Unfortunately, the SEC did not meet its own targets for shortening the time between opening cases and bringing enforcement actions, the report states.

“We note that, in FY 2017, the percentage of first enforcement actions filed within two years of the opening of the matter under inquiry or investigation was 52 percent. This did not meet the FY 2017 target of 65 percent and was a decrease from FYs 2012 through 2016, when the percentage ranged from 64 percent to 53 percent.  In addition, in FY 2017, the average number of months between opening a matter under inquiry or investigation and commencing an enforcement action was 24 months, which was the same in the 2 previous years.  This also did not meet the FY 2017 target of 20 months and was an increase from FYs 2012 through 2014 when the average number of months was 21,” the OIG said.

To address the need for added timeliness in investigations, Enforcement has reported adopting measures that include emphasizing expediency in quarterly case reviews, promoting best practices regarding efficiencies in various phases of the investigative process, leveraging data analytics capabilities and conducting training on tools that expedite investigations, OIG reported.

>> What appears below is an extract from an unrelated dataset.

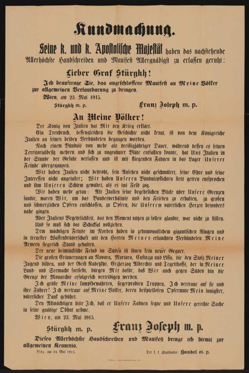 Kundmachung. Seine k. und k. Apolostolische Majestät ... Lieber Graf Stürgkh ... Franz Joseph ... [24. Mai 1915]. Linz : Zentaldruckerei, 1915. Wienbibliothek im Rathaus, P-226558 ; PS-A0-0014, https://resolver.obvsg.at/urn:nbn:at:AT-WBR-22847 / Public Domain Mark 1.0

Other challenges the SEC is continues to face, according to OIG, include:

• The growing scope and number of clearing agencies the SEC is charged with examining;

• The registration of hundreds of additional municipal advisor registrants with increasingly complex business lines; 

• Rapid growth in distributed ledger (i.e., blockchain) technologies and cryptocurrency markets;

• Cyber threats in securities markets that have continued to increase in both frequency and sophistication. 

“These types of industry developments and financial innovation will continue to present challenges to the staff, requiring additional staff expertise, resources, and a program that is agile, responsive, and continuously improving,” the SEC said in its FY 2019 Congressional Budget Justification and Annual Performance Plan.